The prognosis for primary CRC is always favorable after curable surgical resection; however, the five-year OS rate of CRC patients with distant metastasis dramatically declines due to a lack of efficient drugs or treatment targets for postponing, even preventing the progression of CRC [18, 19]. Thus, the identification of novel targets for CRC and further elucidation the mechanisms involved in the distant metastasis appears to be vitally important. In the present study, we demonstrated that the expression of AGGF1 was elevated in CRC tissues compared with corresponding normal mucosae, but only at the protein level. Aberrant overexpression of AGGF1 predicted poorer DFS and OS in CRC patients after radical surgery. Further, we verified that AGGF1 could accelerate CRC cell wound healing, migration, and invasion in vitro as well as distant metastasis in vivo. All of these findings support the hypothesis that ectopic expression of AGGF1 promotes CRC metastasis, serving as a potential therapeutic target for CRC patients, especially for patients with lung and liver metastasis.

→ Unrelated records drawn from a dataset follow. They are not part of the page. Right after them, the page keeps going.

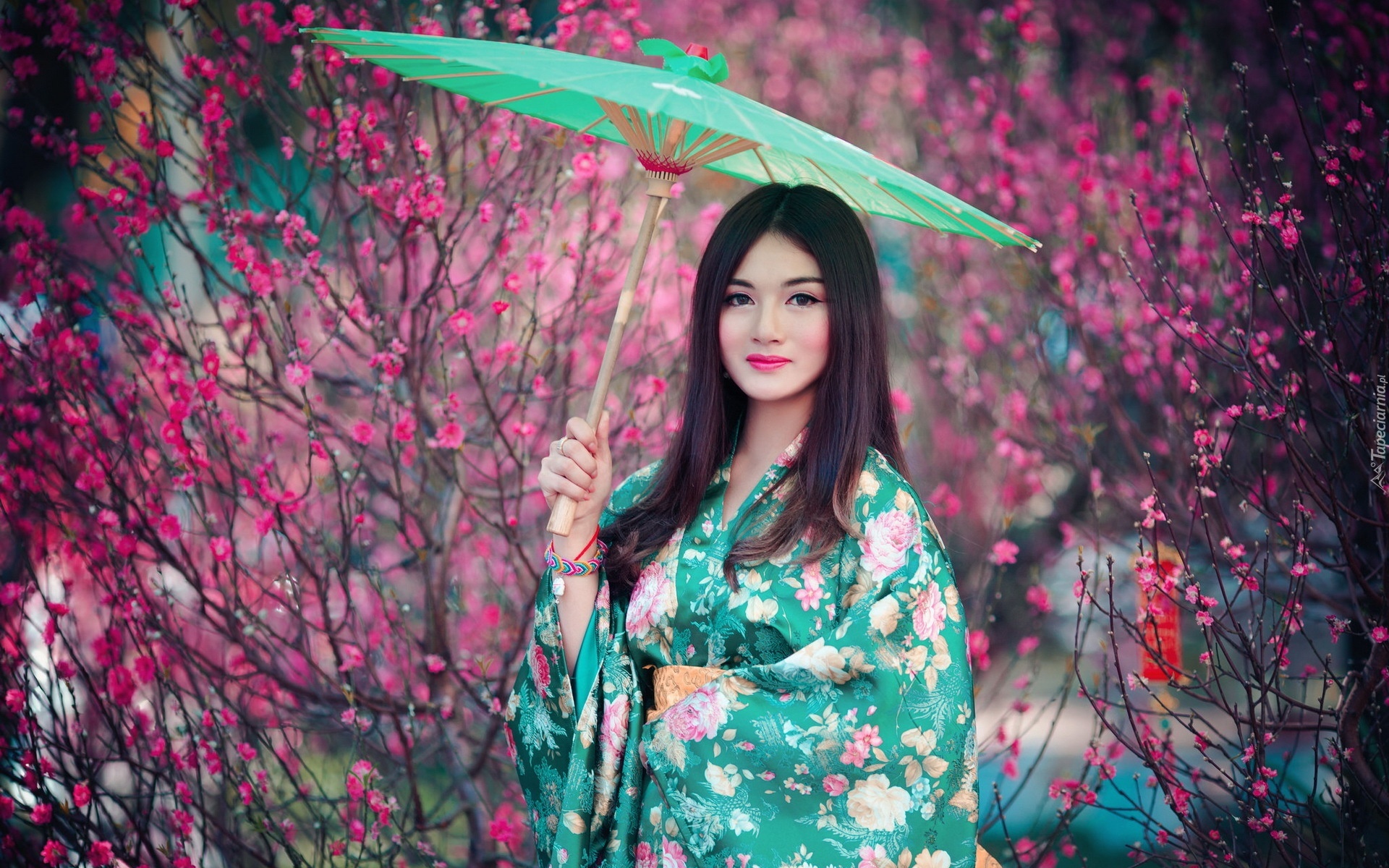Edytor tapety: Brunetka, Kobieta, Makijaż, Kimono, Kwiaty, Parasolka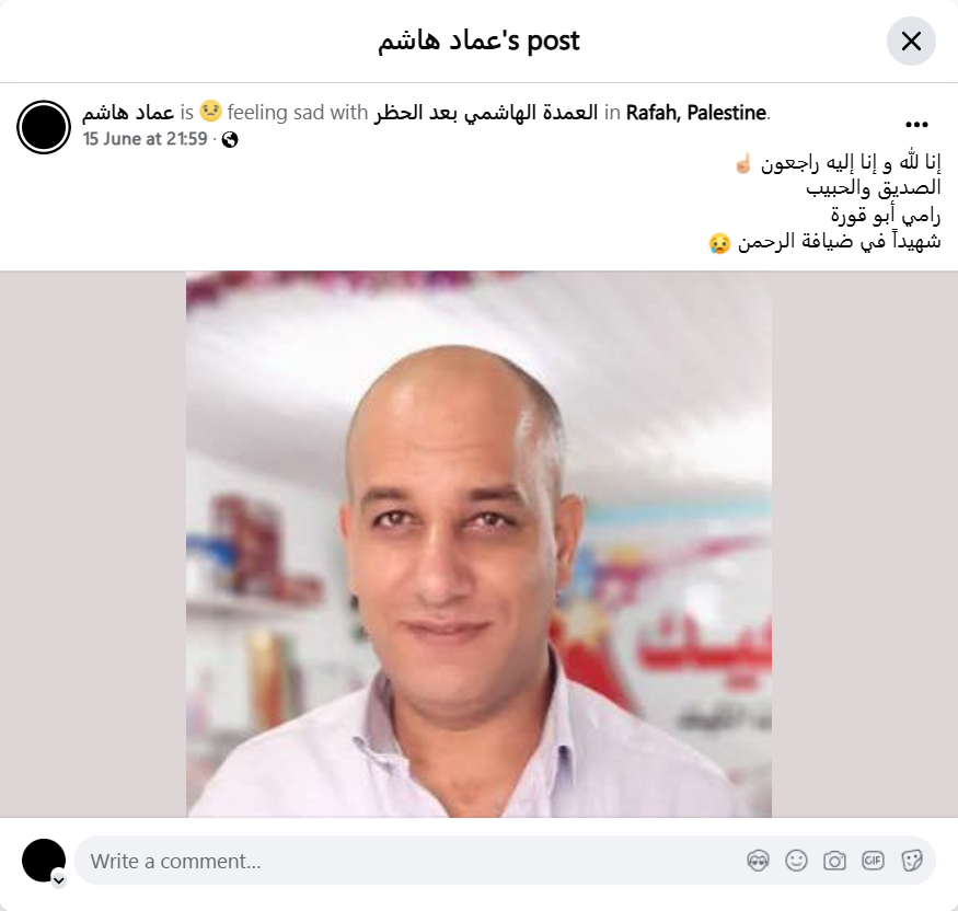 We belong to Allah and to Him we shall return. Our friend and beloved Rami Abu Qura was martyred in the care of God.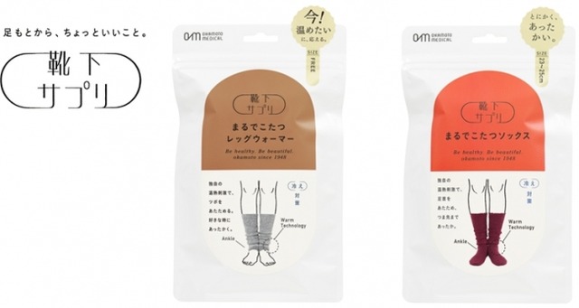レッグウェア製造卸販売・岡本株式会社(本社:大阪市西区・本店:奈良県広陵町/代表取締役社長:岡本哲治)は、医療機器ブランド「OKAMOTO MEDICAL(オカモト メディカル)」より発売されている「靴下サプリ(http://www.okamotogroup.com/supplement/)」シリーズの「まるでこたつソックス」からワインレッドの新色と、新商品「まるでこたつレッグウォーマー」を2017年9月より新発売いたします。
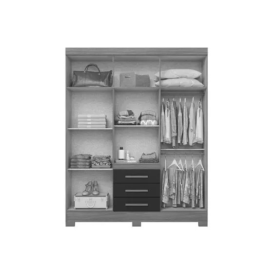Com 6 portas e 3 gavetas internas, oferece excelente aproveitamento interno, permitindo armazenar roupas, calçados e acessórios de forma prática e funcional. Internamente, conta com prateleiras e cabideiros bem distribuídos, garantindo organização eficiente.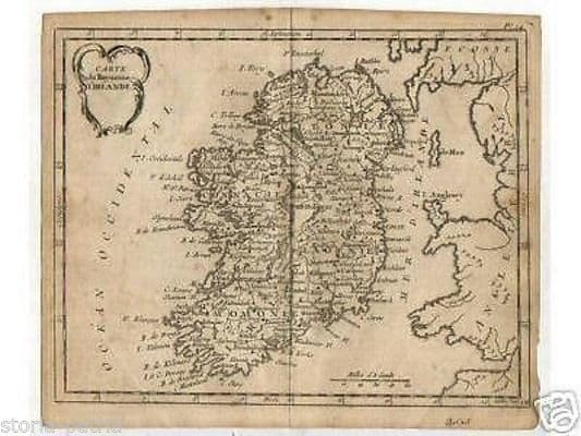 Mappa Antica Dell'Irlanda, Incisione Originale Di Vallet, Metà Del XVIII Secolo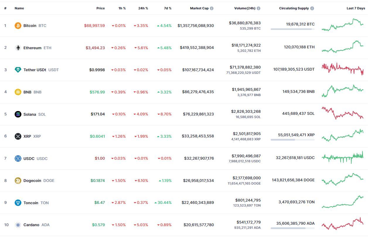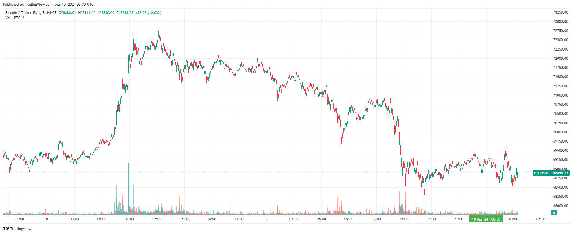 Биткоин (BTC), по данным ресурса TradingView, начал среду с бокового движения. По состоянию на 06:37 (МСК), криптовалюта торгуется по $68 898 (1 токен в рублях — ₽6,413,356.). Минимум биткоина за 24 часа — $68 212, максимум — $71 331.

Located on human chromosome 5q13.3, the AGGF1 mRNA gene encodes a protein consisting of 714 amino acids that shows strong expression in blood vessels and is secreted as vessel formation initiates [6, 20]. A series of studies have also reported that the expression level of AGGF1 in cancer tissues was clearly higher than in adjacent normal tissues, predicting poor prognosis [10–12]. In the present study, at the mRNA level, we found no difference in the AGGF1 expression between the CRC tissues and paired normal tissues, a result which was consistent with public databases from Oncomine. However, at the protein level, the expression level of AGGF1 in CRC tissues/cells was much higher than in corresponding normal mucosa/cells. Further results from IHC staining in a TMA revealed that positive AGGF1 protein expression was significantly correlated with poorer DFS and OS in CRC patients. However, public data from TCGA showed no obvious correlation between aberrant AGGF1 expression and OS, suggesting that AGGF1 is vitally importance in CRC malignant progression at the protein level rather than at the mRNA level.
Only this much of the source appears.